Rimpi or Rimminkylä is a small village in northeastern Kuhmo, Finland, near the border with Russia. While sometimes considered part of the larger village of Vartius, Rimpi is distinguished from it and the rest of Kuhmo by its traditionally Karelian-speaking Orthodox Christian population, being one of three Karelian settlements in the Kainuu region along with Kuivajärvi and Hietajärvi in neighboring Suomussalmi.

As of 2020, there were no permanent inhabitants in Rimpi.

== Geography ==
Rimpi comprises a few houses on the shore of lake Juortananjärvi and on the hills Huosiusvaara and Kiimavaara, near a road connecting Lentiira to the Vartius border crossing station. It has never officially (Note: Official villages (rekisterikylä, "land register villages") have not existed since 2014 and often did not correspond to local definitions of villages.) been a separate village from Vartius, but has been treated as one locally and is culturally distinct from Vartius proper and the rest of Kuhmo. Rimpi forms a nationally significant cultural heritage site along with Kuivajärvi and Hietajärvi in Suomussalmi, with all three villages traditionally being inhabited by Karelians.

The Kultalähde or Kultakaivo spring, located near the Vartius border crossing point, is a local cultural-historical site. It is mentioned in the 1789 work Mythologia Fennica as a spring whose waters discharge into both the Gulf of Bothnia and the White Sea. According to a local legend, a treasure will be granted to the one who eats a frog from the spring. The nearby section of the Russian border has remained unchanged since the 1595 Treaty of Teusina.

== History ==
Rimpi was settled around the 1850s by the Ahtonen and Huovinen families. The former were originally Lutherans from Kuhmo who had adopted Orthodoxy while living in Russian Karelia before returning, while the latter came from Kuivajärvi. According to oral tradition recorded by Pertti Virtaranta, the Ahtonen family came from Lauvuskylä in southern Kuhmo and left for Russia after crop failures caused by frost. Uljaska Ahtonen, who was six years old when his family had left, would eventually return to Kuhmo with his wife Outi and son Vasselei, settling on the hill Huosiusvaara. Around the same time, Ontrei Huovinen had bought the Rimpi farm. The two families later exchanged their farms with each other.

The first settlers of Kiimavaara are unknown. The hill was abandoned during the famine of 1866–1868 and its original inhabitants fled to the Svir area.
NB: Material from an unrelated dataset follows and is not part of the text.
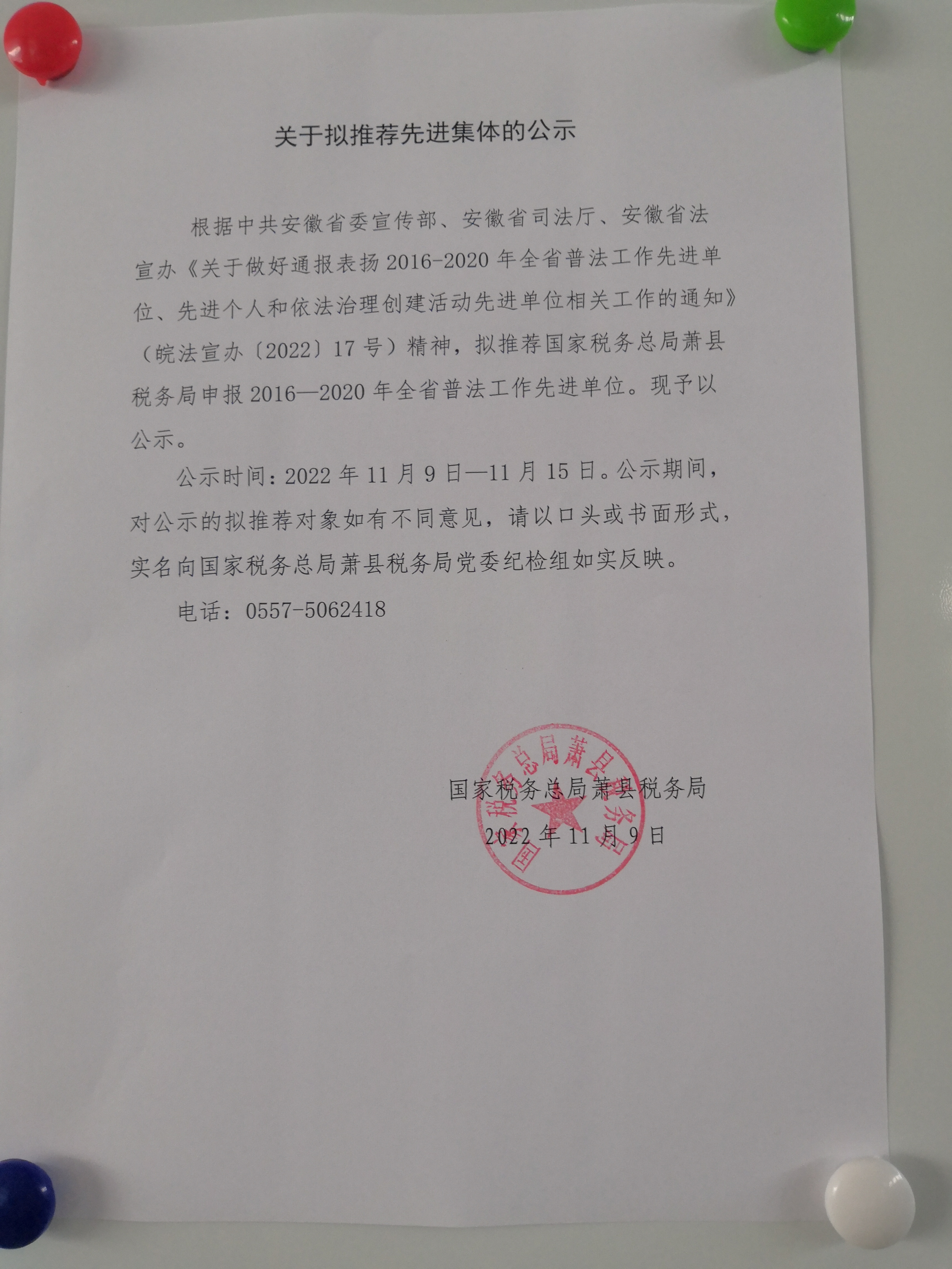 关于拟推荐2016-2020年全省普法工作先进单位的公示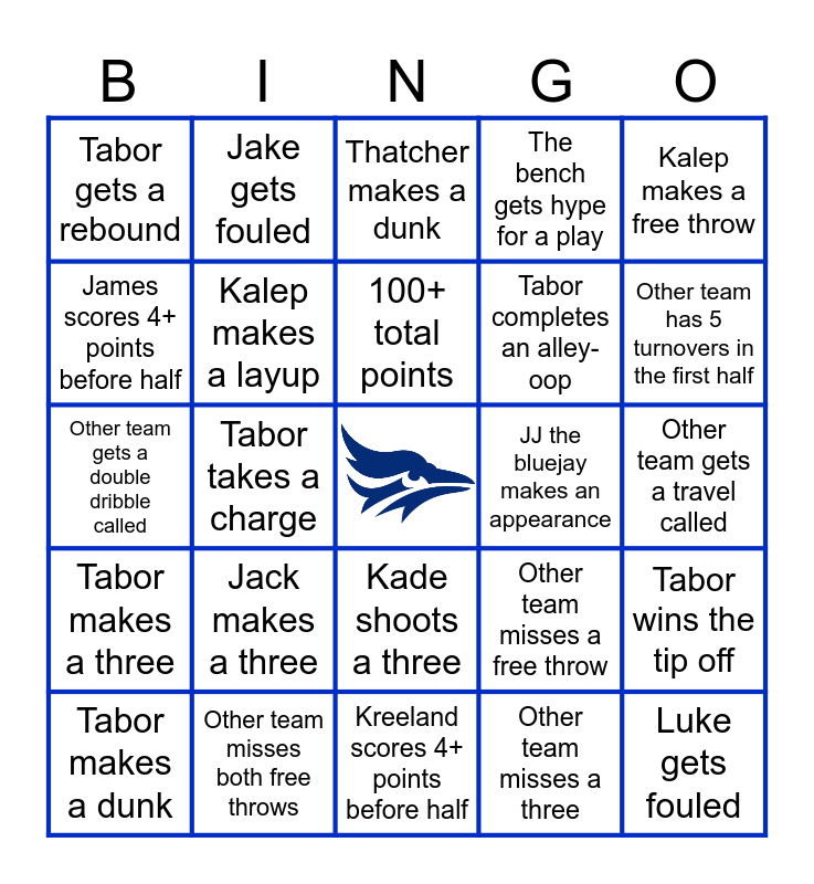 This bingo card has a free space and 38 words: Zach scores, Kenyon blocks a shot, A shot clock violation is called, Kalep makes a layup, Tabor wins the tip off, Jack makes a three, 100+ total points, Coach Warren has his arms crossed, Kalep makes a free throw, Tabor completes an alley-oop, Tabor takes a charge, The bench gets hype for a play, Luke gets fouled, Other team gets a travel called, James scores 4+ points before half, Tabor makes a three, Luke shoots a three, Thatcher makes a dunk, Tabor completes an alley-oop, JJ the bluejay makes an appearance, Tabor gets a rebound, Other team misses both free throws, Other team has 5 turnovers in the first half, Tabor makes a dunk, Kenyon makes a dunk, Kreeland scores 4+ points before half, Someone gets a technical, Kenyon gets fouled, Tabor completes an “And 1”, Tabor has two steals in the first half, A jump ball is called, Kade shoots a three, Other team misses a three, Jake gets fouled, Other team has 7+ fouls by halftime, Other team misses a free throw, Other team gets a double dribble called and Other team has a turnover.

It was later repopulated by families from Suomussalmi.

In 1890, Rimpi was visited by Akseli Gallen-Kallela, who would model Väinämöinen in his Aino triptych after Uljaska Ahtonen.

Until the Russian Revolution, the three Karelian villages in Kainuu were closely connected to those on the Russian side, with Rimpi being especially close to Babya Guba and other villages on the shores of Lake Kamennoye. Villagers were buried on an island of the lake until the border was closed in the 1920s. A new cemetery was established on the Lapinsärkkä cape in 1924. In 1920, the population of Rimpi was estimated to be 26.

Rimpi was destroyed during the Winter War, with only smaller buildings such as granaries remaining. Until then, the village had been distinguished from the rest of Kuhmo by its Karelian-style architecture, while post-war houses were built according to a standard plan. Some floor plans of the original houses have been preserved.

A highway, known as the "seventh Kekkonen road", was built through Rimpi near a waterway that had traditionally connected northeastern Kuhmo to Karelia in 1959. The road became more important in the 1970s as the Soviet town of Kostomuksha was being built, with many Finnish workers employed in its construction.

== Languages and dialects ==
The dialect of the Karelian language traditionally spoken in Rimpi is a Viena Karelian dialect. Karelian was still spoken by some villagers in the 1970s, with the local dialect being heavily influenced by the Kainuu dialect of Finnish.